Data excerpts
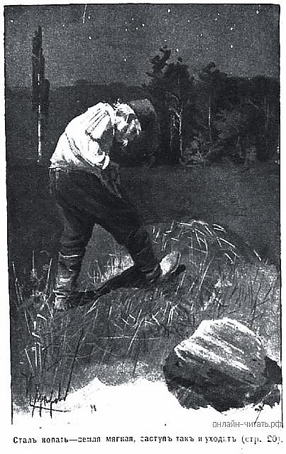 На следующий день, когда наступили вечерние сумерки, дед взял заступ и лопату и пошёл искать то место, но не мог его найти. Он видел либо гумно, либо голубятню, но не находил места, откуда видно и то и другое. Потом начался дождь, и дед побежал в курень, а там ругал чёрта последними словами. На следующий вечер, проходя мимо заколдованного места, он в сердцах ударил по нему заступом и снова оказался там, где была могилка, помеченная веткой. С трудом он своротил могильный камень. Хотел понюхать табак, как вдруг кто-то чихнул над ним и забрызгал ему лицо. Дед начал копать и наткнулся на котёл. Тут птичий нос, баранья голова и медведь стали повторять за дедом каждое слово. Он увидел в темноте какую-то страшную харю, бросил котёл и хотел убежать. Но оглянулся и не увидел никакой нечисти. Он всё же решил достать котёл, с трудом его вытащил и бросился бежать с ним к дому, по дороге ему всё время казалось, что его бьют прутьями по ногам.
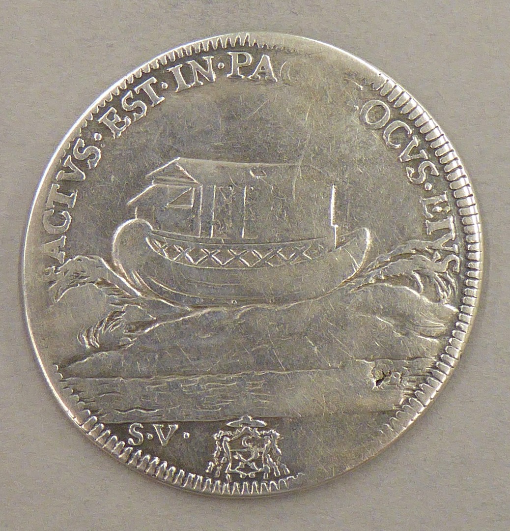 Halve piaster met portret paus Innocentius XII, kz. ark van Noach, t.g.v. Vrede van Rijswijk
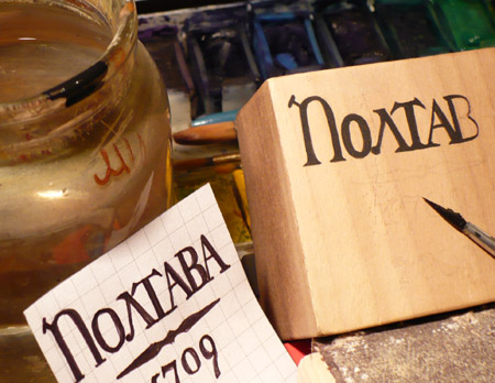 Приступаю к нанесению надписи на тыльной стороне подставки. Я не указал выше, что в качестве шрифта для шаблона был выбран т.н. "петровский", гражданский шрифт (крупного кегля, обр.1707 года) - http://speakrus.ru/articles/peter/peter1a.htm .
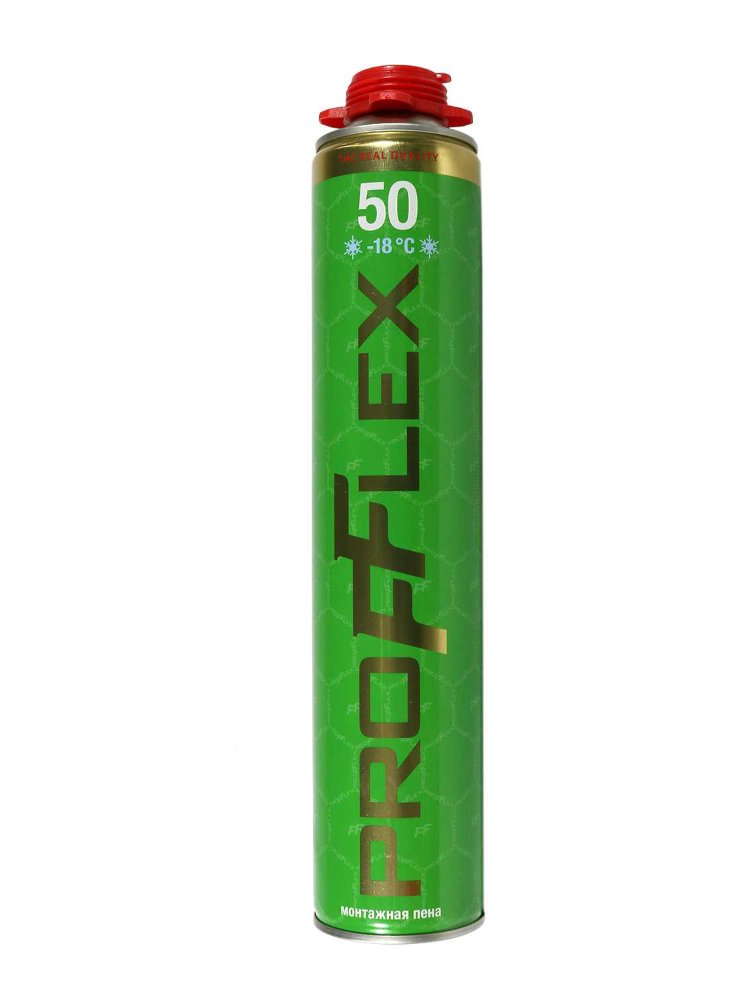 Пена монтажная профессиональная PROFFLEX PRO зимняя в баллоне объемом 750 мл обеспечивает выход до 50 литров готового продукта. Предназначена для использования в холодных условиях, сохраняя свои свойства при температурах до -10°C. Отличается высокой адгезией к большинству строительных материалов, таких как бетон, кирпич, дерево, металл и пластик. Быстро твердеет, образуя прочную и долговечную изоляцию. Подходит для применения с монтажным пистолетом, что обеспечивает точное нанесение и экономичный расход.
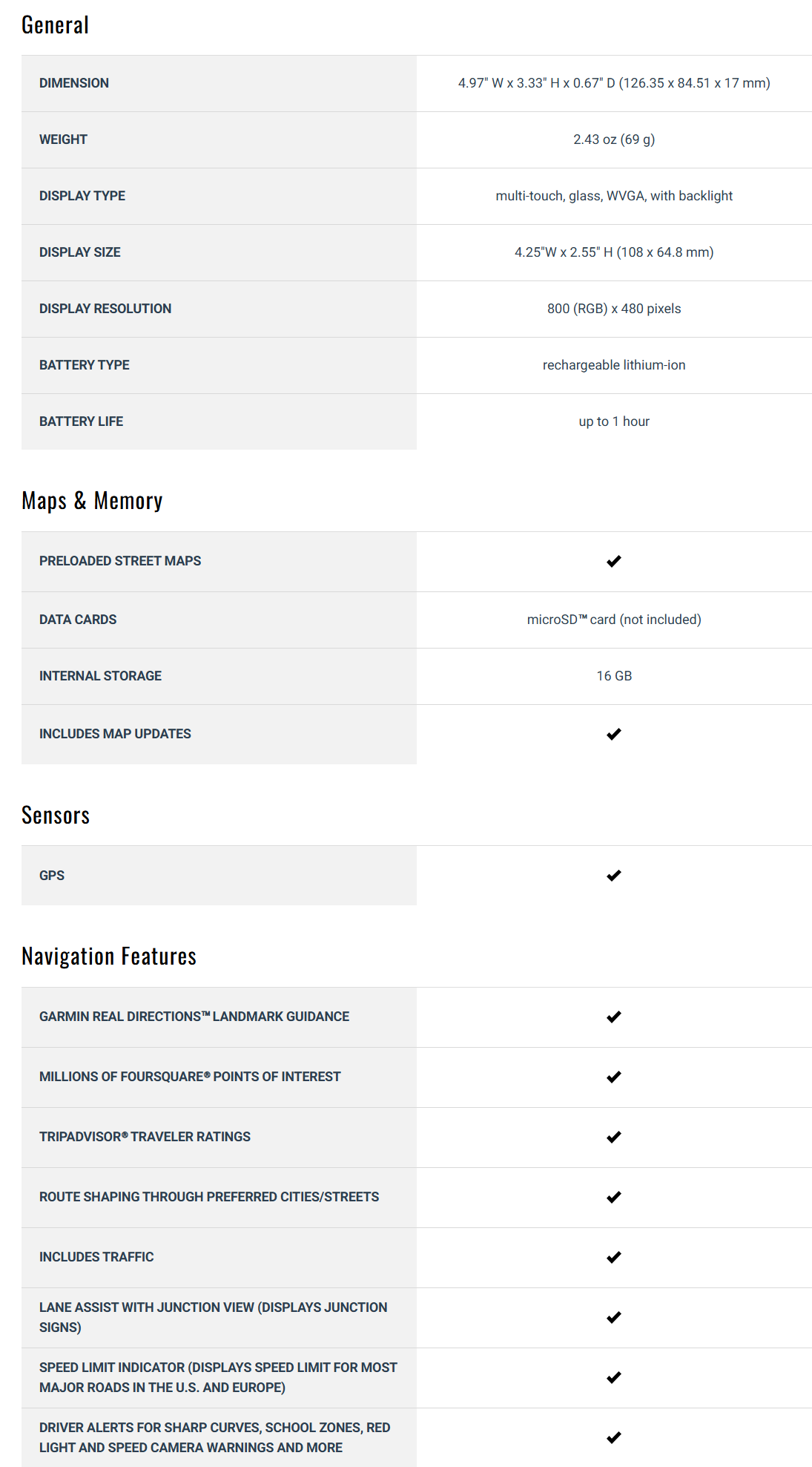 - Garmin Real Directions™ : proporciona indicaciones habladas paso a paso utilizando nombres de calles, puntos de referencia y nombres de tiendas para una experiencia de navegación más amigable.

EXERCISE DETAILS
Would you output the data exactly, without any of its images?

EXPECTED ANSWER
 На следующий день, когда наступили вечерние сумерки, дед взял заступ и лопату и пошёл искать то место, но не мог его найти. Он видел либо гумно, либо голубятню, но не находил места, откуда видно и то и другое. Потом начался дождь, и дед побежал в курень, а там ругал чёрта последними словами. На следующий вечер, проходя мимо заколдованного места, он в сердцах ударил по нему заступом и снова оказался там, где была могилка, помеченная веткой. С трудом он своротил могильный камень. Хотел понюхать табак, как вдруг кто-то чихнул над ним и забрызгал ему лицо. Дед начал копать и наткнулся на котёл. Тут птичий нос, баранья голова и медведь стали повторять за дедом каждое слово. Он увидел в темноте какую-то страшную харю, бросил котёл и хотел убежать. Но оглянулся и не увидел никакой нечисти. Он всё же решил достать котёл, с трудом его вытащил и бросился бежать с ним к дому, по дороге ему всё время казалось, что его бьют прутьями по ногам.
 Halve piaster met portret paus Innocentius XII, kz. ark van Noach, t.g.v. Vrede van Rijswijk
 Приступаю к нанесению надписи на тыльной стороне подставки. Я не указал выше, что в качестве шрифта для шаблона был выбран т.н. "петровский", гражданский шрифт (крупного кегля, обр.1707 года) - http://speakrus.ru/articles/peter/peter1a.htm .
 Пена монтажная профессиональная PROFFLEX PRO зимняя в баллоне объемом 750 мл обеспечивает выход до 50 литров готового продукта. Предназначена для использования в холодных условиях, сохраняя свои свойства при температурах до -10°C. Отличается высокой адгезией к большинству строительных материалов, таких как бетон, кирпич, дерево, металл и пластик. Быстро твердеет, образуя прочную и долговечную изоляцию. Подходит для применения с монтажным пистолетом, что обеспечивает точное нанесение и экономичный расход.
 - Garmin Real Directions™ : proporciona indicaciones habladas paso a paso utilizando nombres de calles, puntos de referencia y nombres de tiendas para una experiencia de navegación más amigable.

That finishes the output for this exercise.